Indian real estate development company

Raheja Developers Limited, (RDL), formerly Raheja Developers Private Limited, is an insolvent Indian real estate development company with its headquarters in Delhi, India.

RDL was incorporated in 1990 by Navin Raheja, who currently serves as chairman.

Currently, the company is under insolvency proceedings as the Principal Bench of the National Company Law Tribunal (NCLT) has stated the initiation of insolvency proceedings against the realty firm over default on non-delivery of its Gurugram-based Shilas project. This order came on 19 November 2024. NCLT had also appointed an Interim Resolution Professional (IRP), suspending the board of the realty firm and putting it under the protection of moratorium against lenders, as per the provisions of the Insolvency & Bankruptcy Code.

== History ==
Raheja Developers Limited was incorporated by Navin Raheja in 1990. The group has worked with contractors such as Aedas, Shapoorji-Pallonji and two of its joint-development projects were in collaboration with Tata Group. It had also collaborated with Dubai-based Arabtec Construction.

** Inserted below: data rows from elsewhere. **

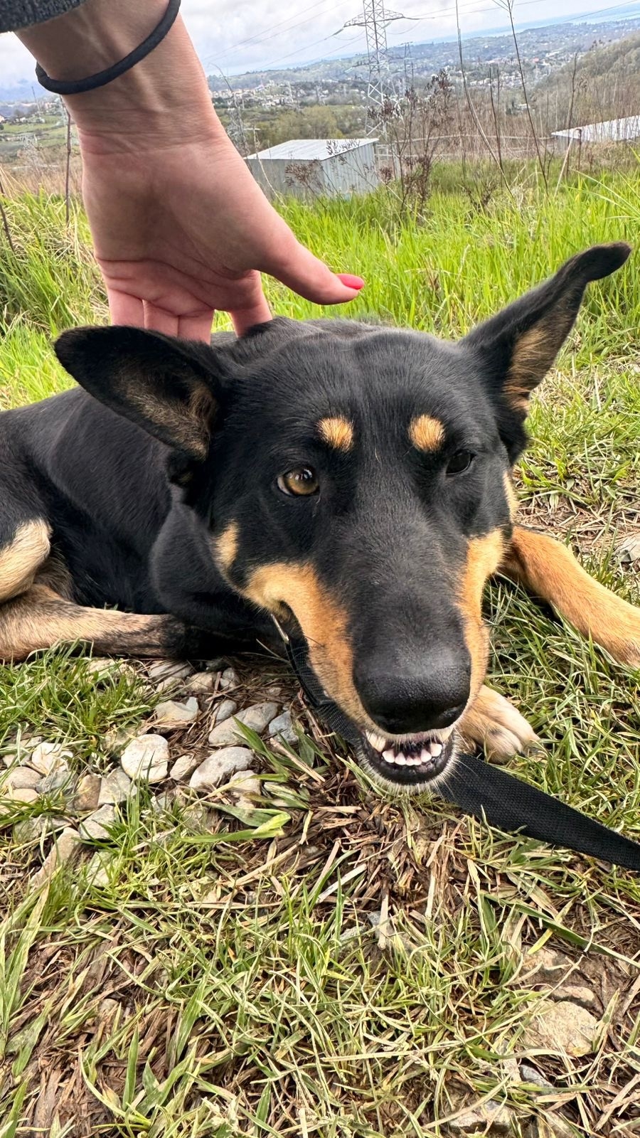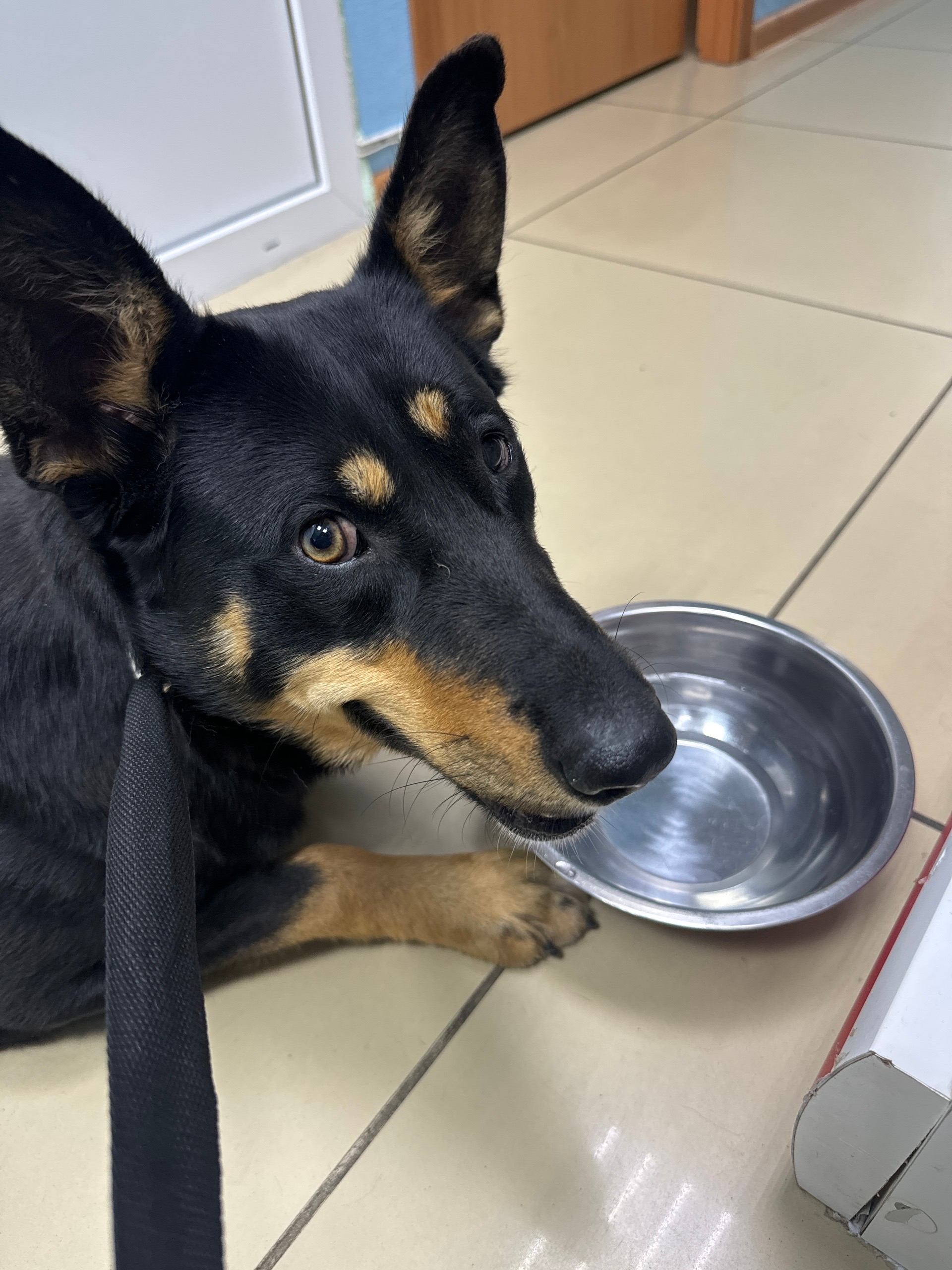 Здравствуйте! Помогите, пожалуйста, пристроить щенка-девочку. Нашли её сегодня на мусорке — кто-то выбросил (центральный район Сочи). Сейчас временно у меня, отмыта, в тепле и накормлена. Очень ласков
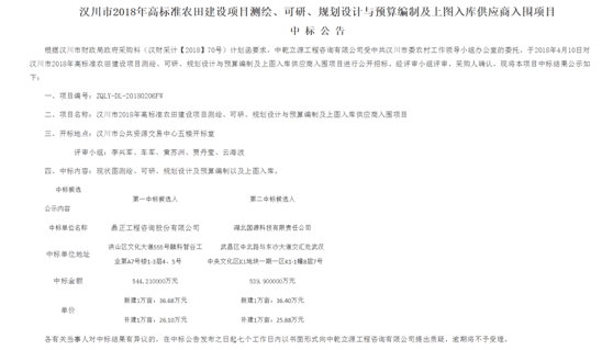 2018年4月11日,我司中標(biāo)“漢川市2018年高標(biāo)準(zhǔn)農(nóng)田項目”,該項目位于湖北省漢川市,項目規(guī)模約17萬畝,對漢川市2018年高標(biāo)準(zhǔn)農(nóng)田建設(shè)項目進(jìn)行測繪、可行性研究、規(guī)劃設(shè)計與預(yù)算編制,中標(biāo)金額為544.21萬元,中標(biāo)單價為新建1萬畝(36.68萬元)和補(bǔ)建一萬畝(26.10萬元)。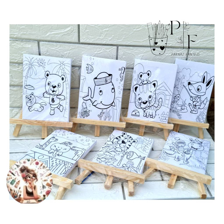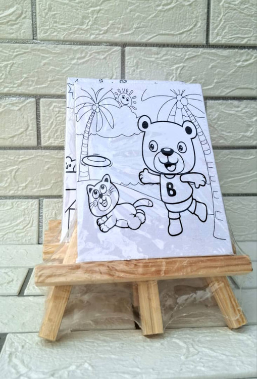 ست آبرنگ و بوم رنگ آمیزی کودکانه مدل تدی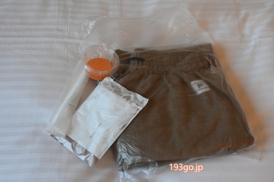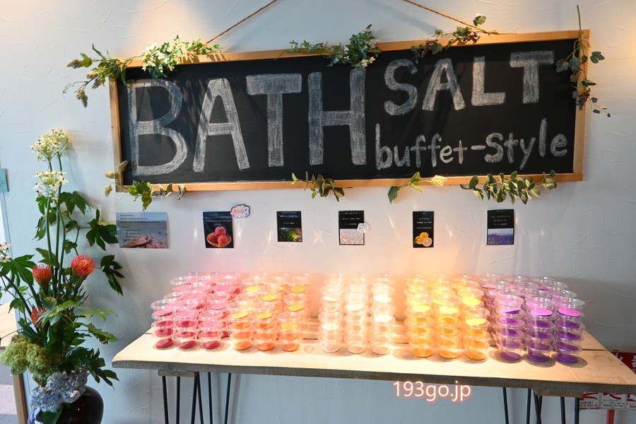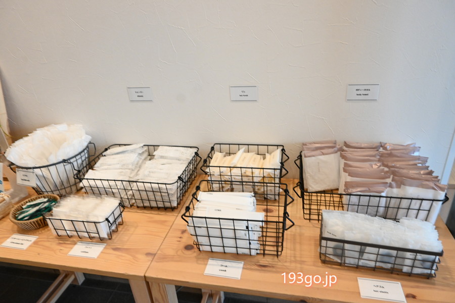 ロビーにはドリンクサービスやバスソルトバイキング、アメニティのセルフチョイスが用意され、

In 2008, Raheja Developers planned to build a Special Enterprise Zone (SEZ) in Gurgaon at an estimated cost of $660M US. The development was to be on a 255 acre site, but the project did not advance. The Government of India announced denotification of the SEZ project on 29 January 2014.

In 2020, Raheja Revanta, the tallest residential towers by Raheja Developers, was awarded the Luxury Project of the Year by CNN News 18 Real Estate Business Excellence Awards. The project is being built by Arabtec, the makers of Burj Khalifa, Dubai, but a dispute developed between Raheja Developers and Arabtec and the matter of contract-termination reached the Delhi High Court.

Raheja Vanya, located in Gurugram, bagged the Green Project of the Year Award 2020.

=== Controversies ===
In 2010, a raid by Indian Income Tax authorities led to a recovery of tax evasion amounting to ₹80 crore.
In 2014 investigative portal Cobrapost conducted a sting operation against several real estate developers. It alleged that Raheja was one among the several developers willing to accept black money. Based on this, the Central Board of Direct Taxes ordered a probe into Raheja and 34 other developers.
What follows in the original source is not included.